Session Information
10 SES 09 A, Teacher Education and Reform: Conceptualising Experiences of Educational Change in North America, Australia and England
Symposium
Contribution
Improving school education systems is increasingly positioned as one way of ‘rescuing’ developed countries from perceived or actual states of economic and/or social crises. As part of this education ‘rescue package’, teacher education becomes a powerful lever for bringing about desired changes in schooling. Reflecting this, nearly all teacher education systems have experienced considerable change in the last five years. These changes have inevitably affected the lives of all working and studying on teacher education programmes, whether in universities or schools. The changes and the structural alterations to institutions and programmes which ‘reforms’ inevitably bring have been much analysed.
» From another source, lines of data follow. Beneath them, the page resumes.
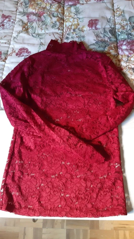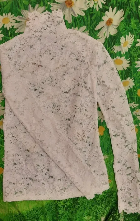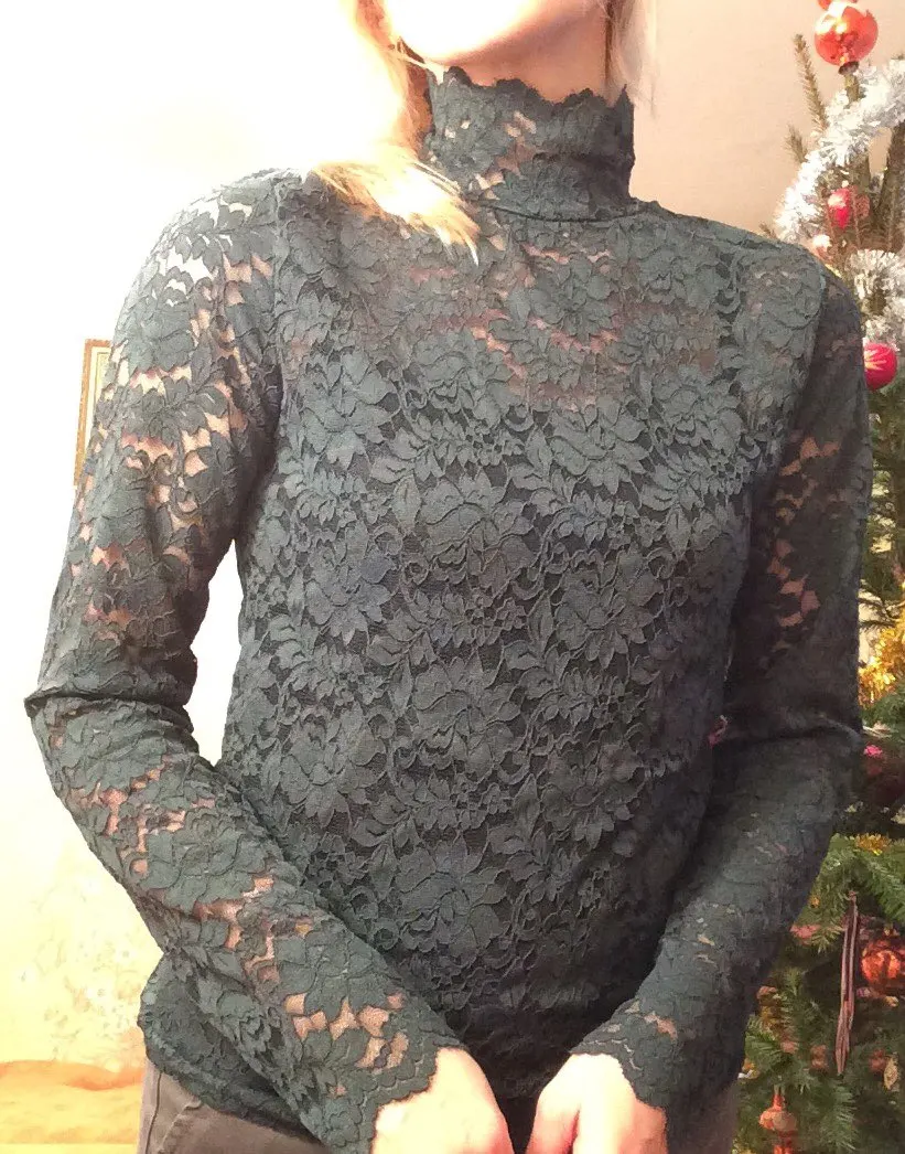 Blouse is very good quality. Lace is dense, pleasant in touch, without bright shine, slightly stretched. The color is green Noble. All seams are processed neatly. I did not communicate with the store. The order was processed and sent very quickly, for which many thanks to the seller. The purchase is very satisfied. Product and seller recommend.
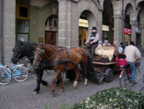 | Mmmmmmmiiiiiiiiiiiiiiiiiii andare in giro sulla carrozzella…….. che bello……. Da notare la faccia da pirla con il capello grigio…. Si fanno 500 km. di macchina per poi farsi altri kilometri in carrozza pagandola come una Gondola……. |
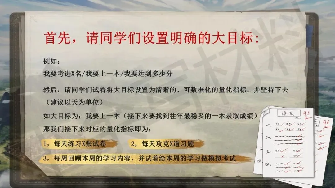 这部分告诉同学们现在开始给自己立一个目标,然后努力朝着这个目标前进。
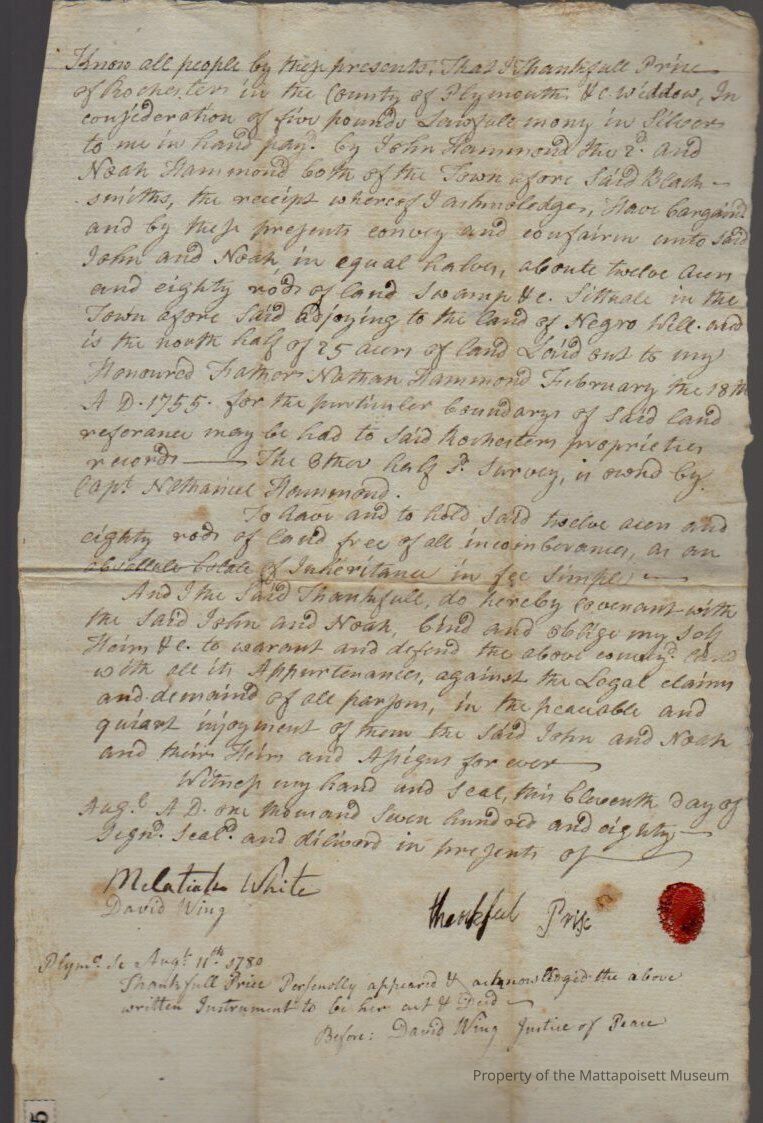 Quitclaim deed, Thankful Price to John Hammond and Noah Hammond (blacksmiths), in equal halves, 12 acres, 80 rods.Collection
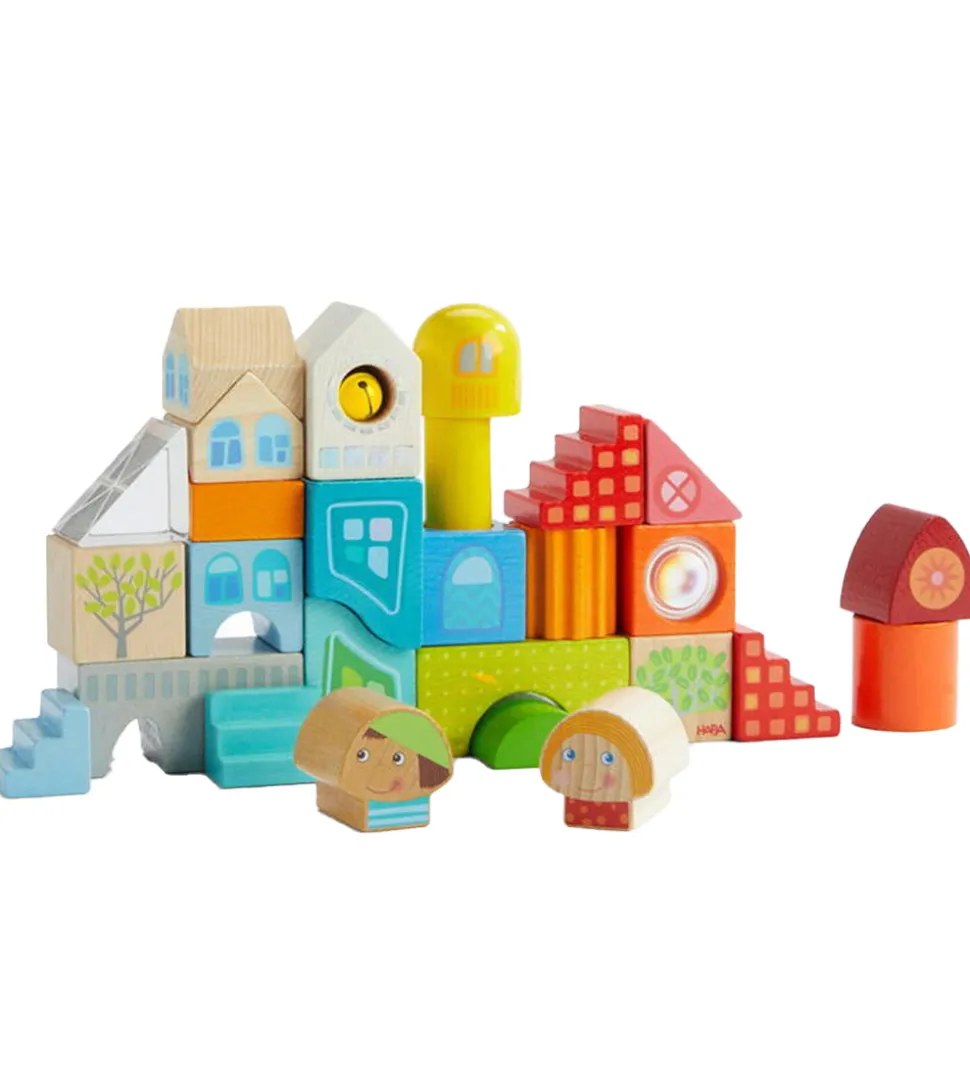 Flotte Haba byggeklodser i træ, hvor nogle er malede i fine farver. Haba sættet består i alt af 28 dele i form af 28 trækodser med bytema.
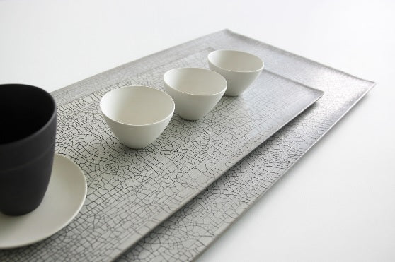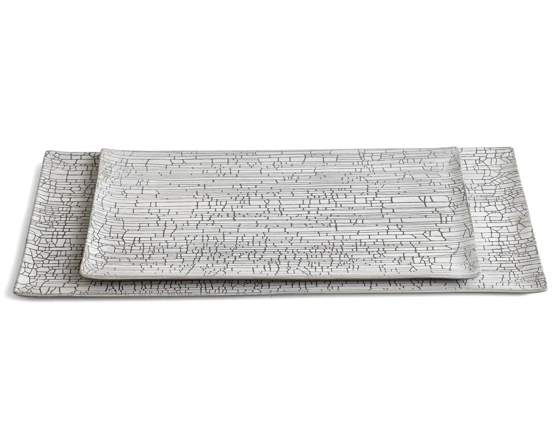 The VARE Craquelé White Porcelain Tray by Rina Menardi transforms everyday serving into a moment of understated luxury. Finished in a luminous white glaze with delicate crackled detailing, this tray offers quiet texture and refined depth while maintaining a clean, modern presence.

But far less attention has been paid to how the subsequent changes are experienced, by the teacher educators who work ‘inside teacher education’.
This symposium aims to give voice to the perspectives of teacher educators on educational change with the rationale that they remain as under-researched group. In particular, we hope to illuminate the complexity of experience and practice in teacher education, particularly when the field changes around educators, bringing the need for reactions to reforms and possible shifts in professional practices and beliefs. We draw on three methodologically rigorous studies to conceptualise how educators respond to social and educational change through processes which include accommodation, compliance, adaptation and resistance.
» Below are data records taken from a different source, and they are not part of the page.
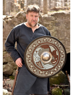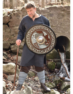 Although this early medieval wooden shield may be a bit too light and thin for full contact, it is still a great prop for re-enactment, LARP, stage or TV/film and will make your transformation into a proud Norse warrior simply perfect. In addition, it is also a nice collector's or display piece for all Viking Age enthusiasts.
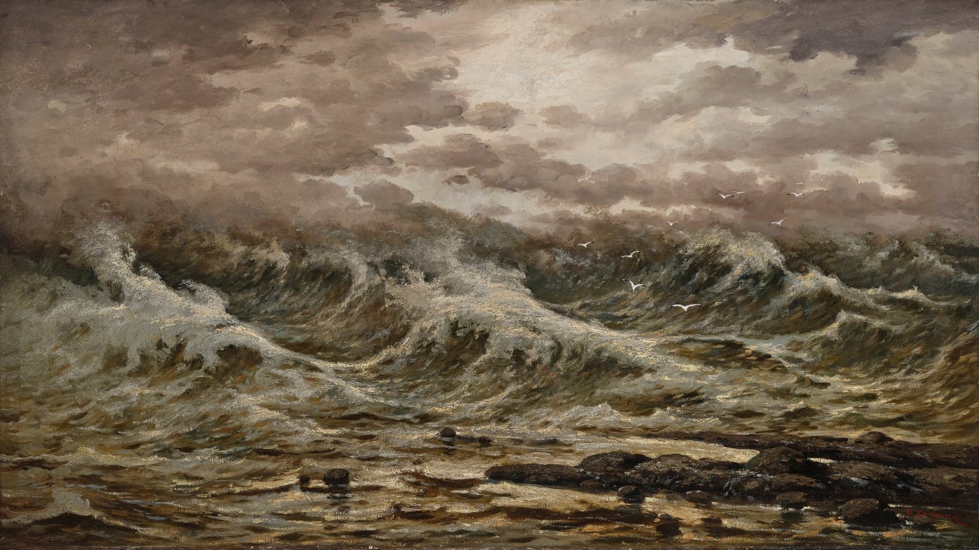Adolf Kaufmann was an Austrian painter working in the late 19th and early 20th centuries, known for his maritime scenes and landscapes. While not as famous as some of his contemporaries, he had a particular talent for capturing water in motion. This painting demonstrates the Romantic tradition's fascination with nature's untamed forces, where the sea becomes both beautiful and threatening. The relatively small scale suggested by the waves and birds gives us a sense of being right there at the water's edge, watching the storm roll in.
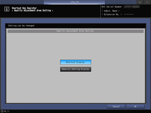 Screen access | Control panel - Utility/Counter - [User Setting] - [System Setting] - [Shortcut Key Register] - [Quality Adj. Area Setting] | ||
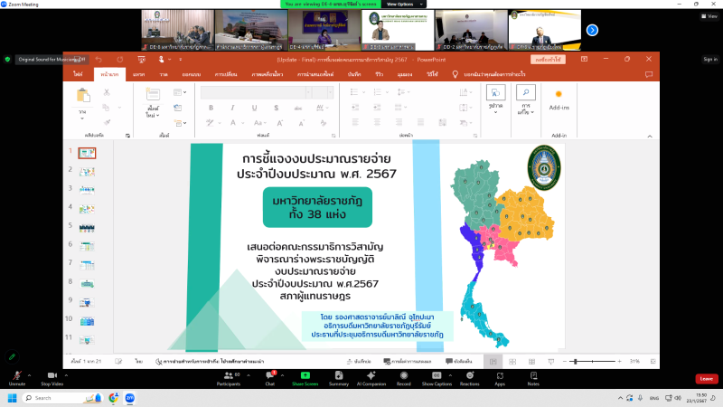 เข้าร่วมประชุมชี้แจงงบประมาณ ประจำปีงบประมาณ พ.ศ. 2567 ต่อคณะกรรมาธิการวิสามัญพิจารณาร่างพระราชบัญญัติงบประมาณรายจ่ายประจำปีงบประมาณ พ.ศ. 2567 สภาผู้แทนราษฎร ในวันอังคารที่ 23 มกราคม พ.ศ. 2567 เวลา 14.00 – 17.00 น. ผ่านสื่ออิเล็กทรอนิกส์ ด้วยโปรแกรม Zoom Cloud Meetings ณ ห้องประชุมสรัสจันทร ชั้น 2 อาคาร 10 มหาวิทยาลัยราชภัฏสกลนคร

The symposium brings together three papers on teacher educators and change from Australia, Canada and England respectively. Each makes a significant contribution to this field of research. Paper 1 presents a study conducted in Australia, exploring change in relation to government calls for reform in relation to links between pre-and in-service work. The work draws on a conceptual framework drawn from the authors’ previous work on community-based teacher education to analyse how changes were experienced and mediated by teacher educators, altering the nature of their work.
The pre-service education system in England is undergoing a radical transformation with the allocation of up to one third of student places directly to schools rather than universities. Paper 2 focuses on the effects of these changes on teacher educators in both schools and universities, drawing on an empirical study of educators’ knowledge and systematic literature reviews of relevant literature and policies. It theorises reactions to the changes in relation to concepts of agency and habitus.
When reforms to schooling and teacher education are proposed, the nature of mother tongue teaching (or literacy education) usually falls under the microscope. This emphasis often places teacher educators working in this subject area as central agents in change. The third paper reports on a funded project focused on 28 literacy/English educators in four Anglophone countries. It identifies individual backgrounds, views on change and research in this area of pre-service and analyses and conceptualizes change around nodes of policy and practice.
The discussant will take a synoptic focus on the three papers, as well as drawing on personal research, to consider the implications of the symposium for managing change in teacher education.